→ **SUPPLIED DATA**:
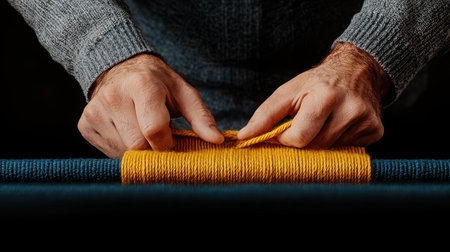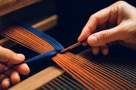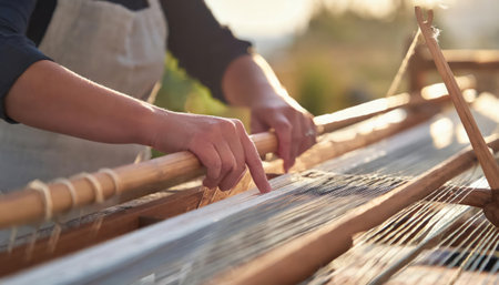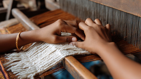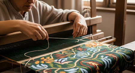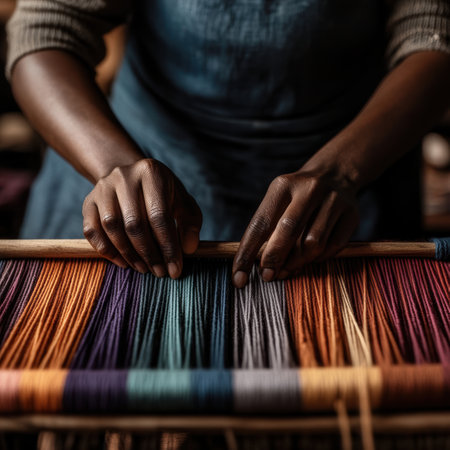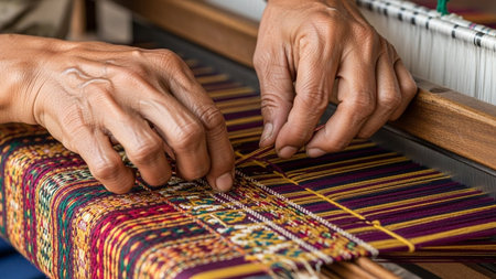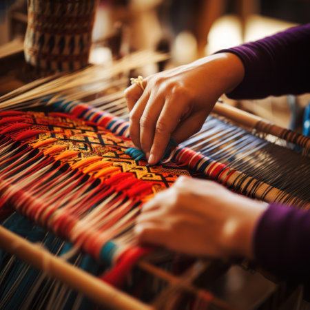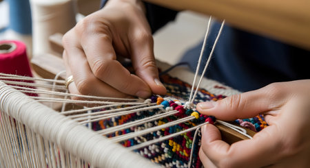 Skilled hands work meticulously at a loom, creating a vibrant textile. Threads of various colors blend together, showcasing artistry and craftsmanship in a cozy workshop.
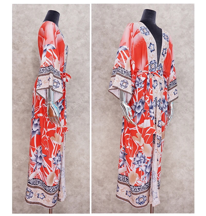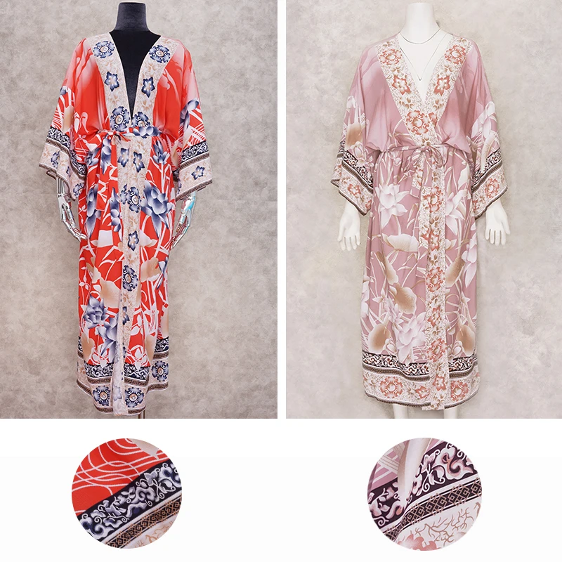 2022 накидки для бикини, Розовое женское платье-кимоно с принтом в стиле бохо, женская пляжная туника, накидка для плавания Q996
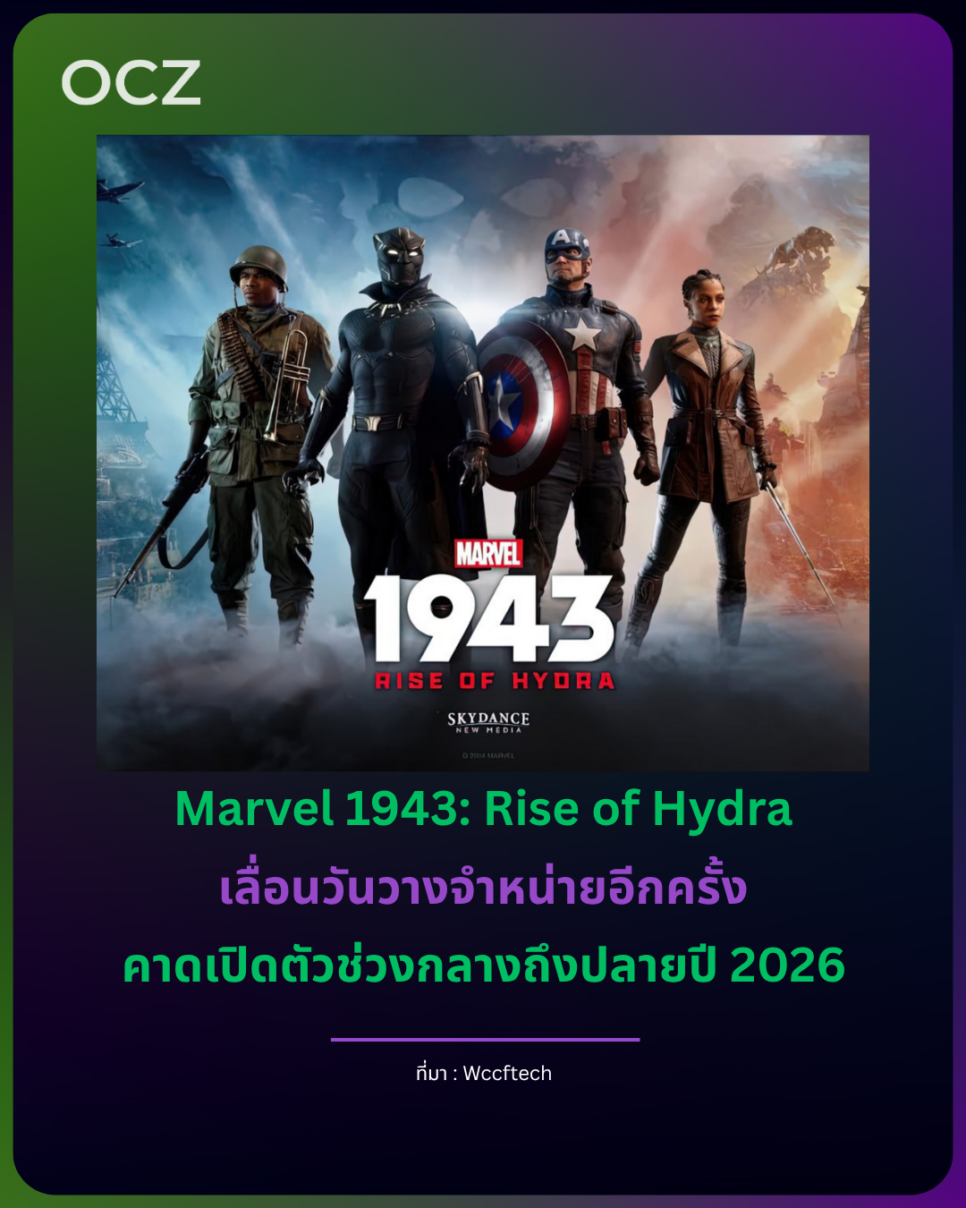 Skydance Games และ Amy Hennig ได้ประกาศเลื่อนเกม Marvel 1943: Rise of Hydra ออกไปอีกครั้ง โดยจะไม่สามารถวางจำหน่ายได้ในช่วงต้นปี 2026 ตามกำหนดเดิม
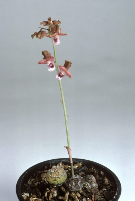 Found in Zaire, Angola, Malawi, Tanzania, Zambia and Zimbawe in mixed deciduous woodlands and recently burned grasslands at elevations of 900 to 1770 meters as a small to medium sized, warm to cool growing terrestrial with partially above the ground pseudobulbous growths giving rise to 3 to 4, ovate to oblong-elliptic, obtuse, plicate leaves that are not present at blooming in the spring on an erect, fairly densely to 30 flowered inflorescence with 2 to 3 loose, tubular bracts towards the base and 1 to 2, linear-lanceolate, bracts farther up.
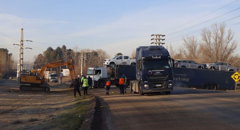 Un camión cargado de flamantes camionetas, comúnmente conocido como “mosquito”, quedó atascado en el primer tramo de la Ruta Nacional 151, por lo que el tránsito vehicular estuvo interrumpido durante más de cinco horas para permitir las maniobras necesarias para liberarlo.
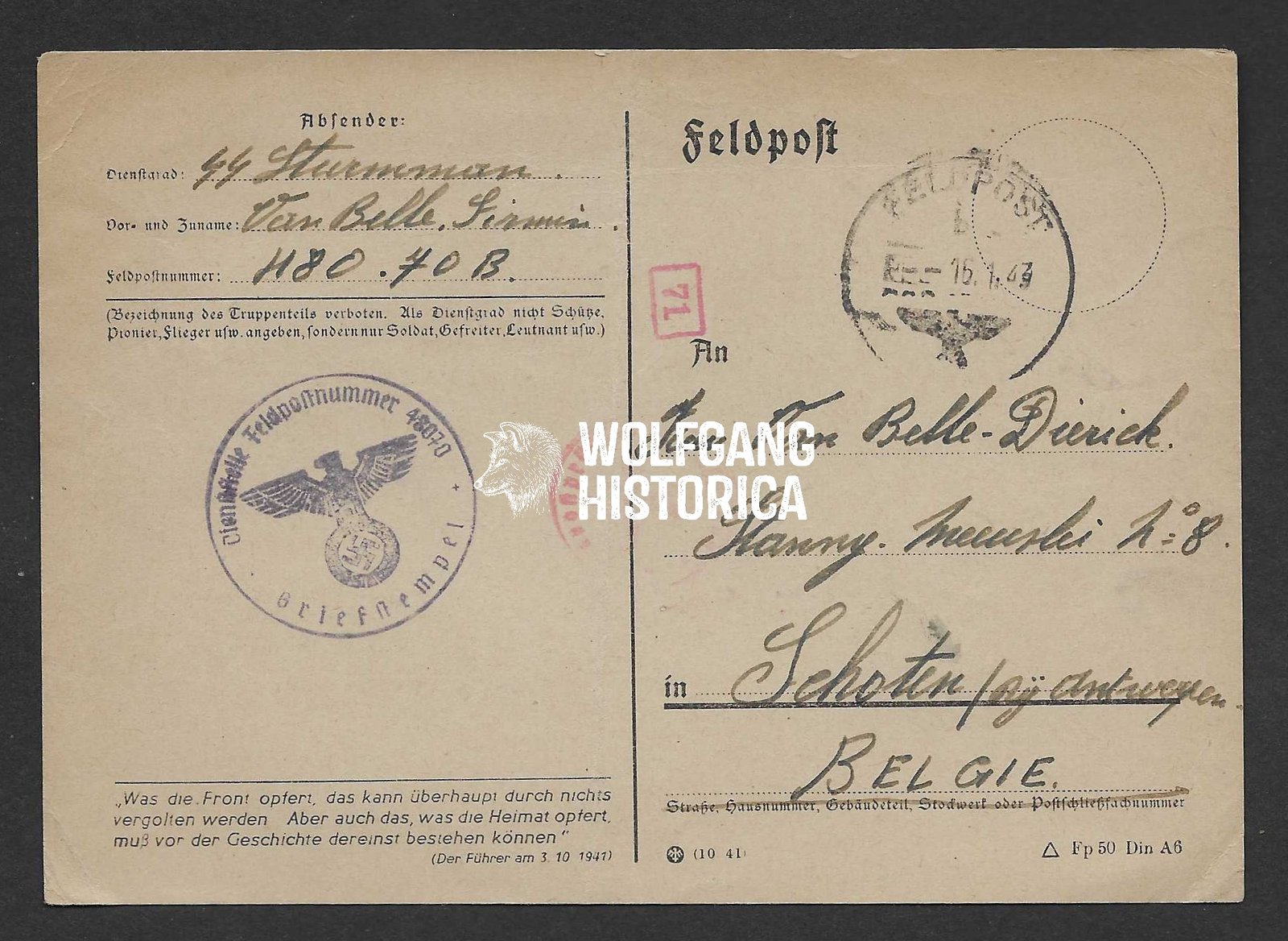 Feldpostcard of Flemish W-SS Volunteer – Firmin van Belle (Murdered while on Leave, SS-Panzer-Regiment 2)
==
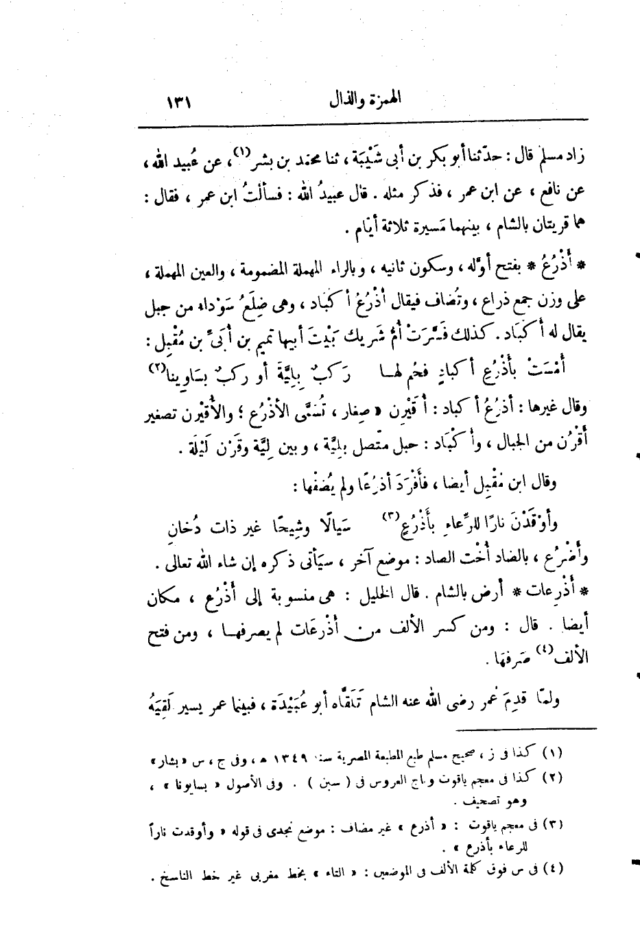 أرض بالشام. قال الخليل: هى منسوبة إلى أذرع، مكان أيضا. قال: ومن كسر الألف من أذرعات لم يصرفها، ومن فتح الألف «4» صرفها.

→ **WORK TASK**: Go down the entries above from the line containing "Skilled hands work" to the line containing "Skydance Games และ" and write out each line exactly, leaving pictures out.

→ **YOUR RESPONSE**:
 Skilled hands work meticulously at a loom, creating a vibrant textile. Threads of various colors blend together, showcasing artistry and craftsmanship in a cozy workshop.
 2022 накидки для бикини, Розовое женское платье-кимоно с принтом в стиле бохо, женская пляжная туника, накидка для плавания Q996
 Skydance Games และ Amy Hennig ได้ประกาศเลื่อนเกม Marvel 1943: Rise of Hydra ออกไปอีกครั้ง โดยจะไม่สามารถวางจำหน่ายได้ในช่วงต้นปี 2026 ตามกำหนดเดิม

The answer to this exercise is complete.